“Act Of Piracy!” Belarus Forces Landing Of Plane Headed To Lithuania So Journalist Can Be Taken Off Flight And Arrested.”

Belarus police detain journalist Roman Protasevich in Minsk, Belarus, Sunday, March 26, 2017. Dozens protestors were detained during attempt to rally in downtown Minsk. (AP Photo/Sergei Grits)

There was tension and drama in the skies Sunday and the result of what happened has leaders in Europe and the U.S. scrambling to figure out how to respond. 

Authorities from Belarus scrambled a jet fighter to force a commercial Rynair plane to land so they could detain an opposition-minded journalist who was on board. 
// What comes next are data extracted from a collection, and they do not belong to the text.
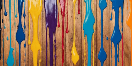 Colorful dripping paint on a wooden background. Abstract colorful background.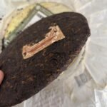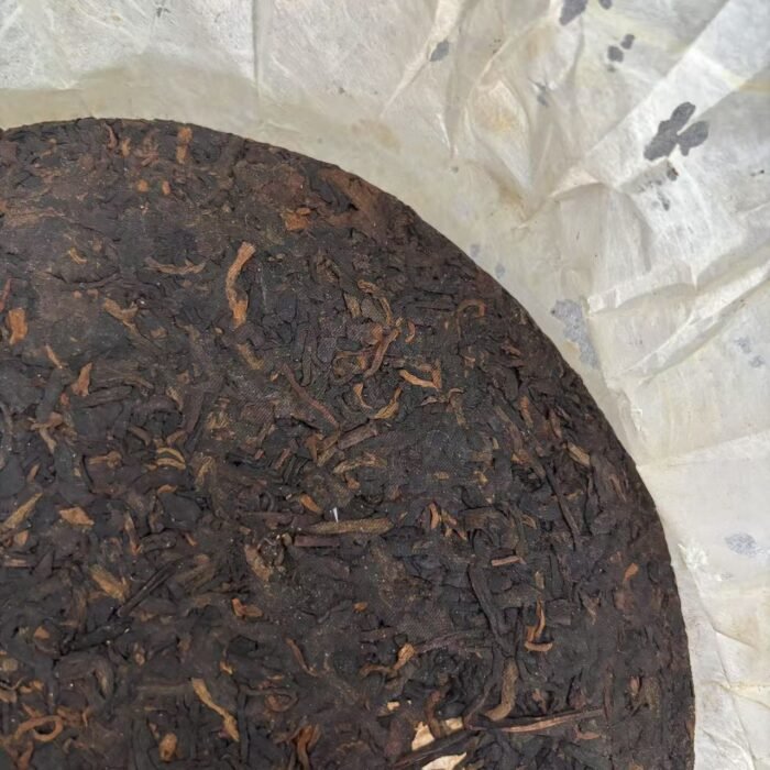 Appearance: The cake features large, robust tea threads interwoven with some rustic stems, showcasing its authentic, hand-processed origins.
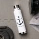 Modern Minimalist Nautical Water Bottle features navy blue anchor with personalised name in navy blue modern sans serif font style on white background.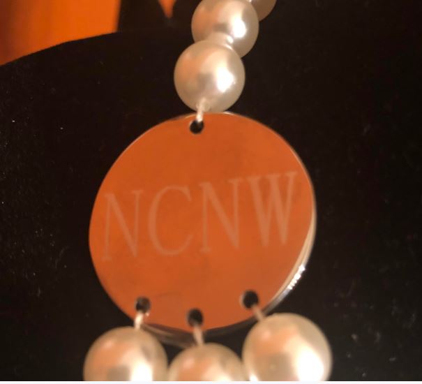 Wear this beautiful 3-strand pearl necklace for your meetings and other organization events. Measures about 18 inches. NCNW medallion is about the size of a quarter. Silvertone hardware.

American and European authorities have condemned the action, which some leaders have described as a hijacking. 

The plane was in route from Athens to Lithuania when it was suddenly diverted to Minsk, which is the capital of Belarus. A fake bomb alert was part of the ruse that got the plane to change its course. 
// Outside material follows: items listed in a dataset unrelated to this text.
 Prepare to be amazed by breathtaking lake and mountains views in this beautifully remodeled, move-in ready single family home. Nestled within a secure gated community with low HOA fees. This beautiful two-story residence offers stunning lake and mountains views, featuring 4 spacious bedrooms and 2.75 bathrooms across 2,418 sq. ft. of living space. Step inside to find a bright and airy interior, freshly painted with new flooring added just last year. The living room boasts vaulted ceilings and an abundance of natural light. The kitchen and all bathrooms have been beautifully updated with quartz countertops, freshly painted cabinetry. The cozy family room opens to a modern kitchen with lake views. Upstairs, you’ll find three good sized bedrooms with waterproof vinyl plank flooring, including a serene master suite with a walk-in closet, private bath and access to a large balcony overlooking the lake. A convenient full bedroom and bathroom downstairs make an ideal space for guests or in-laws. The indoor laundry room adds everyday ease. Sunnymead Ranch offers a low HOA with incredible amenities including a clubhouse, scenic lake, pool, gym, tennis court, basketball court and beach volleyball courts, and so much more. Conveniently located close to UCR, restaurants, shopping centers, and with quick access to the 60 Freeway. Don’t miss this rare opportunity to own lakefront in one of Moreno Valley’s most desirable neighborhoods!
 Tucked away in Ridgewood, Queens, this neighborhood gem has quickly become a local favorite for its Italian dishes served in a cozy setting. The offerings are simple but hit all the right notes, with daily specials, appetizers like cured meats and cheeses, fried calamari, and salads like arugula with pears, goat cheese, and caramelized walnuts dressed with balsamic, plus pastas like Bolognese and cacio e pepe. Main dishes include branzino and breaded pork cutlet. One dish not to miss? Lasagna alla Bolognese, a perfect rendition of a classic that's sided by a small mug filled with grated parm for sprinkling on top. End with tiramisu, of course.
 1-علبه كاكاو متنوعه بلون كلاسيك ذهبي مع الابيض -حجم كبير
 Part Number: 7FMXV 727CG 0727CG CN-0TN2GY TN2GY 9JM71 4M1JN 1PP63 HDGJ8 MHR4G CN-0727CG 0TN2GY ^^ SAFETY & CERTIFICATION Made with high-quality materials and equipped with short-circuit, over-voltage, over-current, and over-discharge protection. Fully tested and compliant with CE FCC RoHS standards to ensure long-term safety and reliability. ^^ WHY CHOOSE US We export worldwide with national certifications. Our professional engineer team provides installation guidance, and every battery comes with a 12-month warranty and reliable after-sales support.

The plane was escorted to the ground by a Mig-29 fighter jet.  Once the plane landed, authorities arrested the journalist Roman Protasevich. 

According to witnesses on the plane and reported by Delfi News from Lithuania, Prostavich was shaking once he realized the flight had turned around, and as he was taken away by authorities allegedly said “I’ll get the death penalty here.”

The journalist had previously worked for NEXTA, a Poland based online news service which broadcast footage of was protests against Belarusian President Alexander Lukashenko last year on Telegram. 

Now Prostasevich works for a different news outlet called Belamova.  He is wanted in Belarus on shares of extremism, and authorities have accused him of organizing mass riots and of inciting social hatred. 

The plane was diverted just two minutes before it was set to cross into Lithuanian airspace. 

The United States Senate Foreign Relations Committee Chairman Bob Menendez issued a joint  statement in concert with the heads of seven European parliamentary foreign affairs panels blasting the forced landing and calling it “an act of piracy.”

According to human rights groups, roughly 35,000 people have been detained in Belarus since August, with dozens now serving time in jail.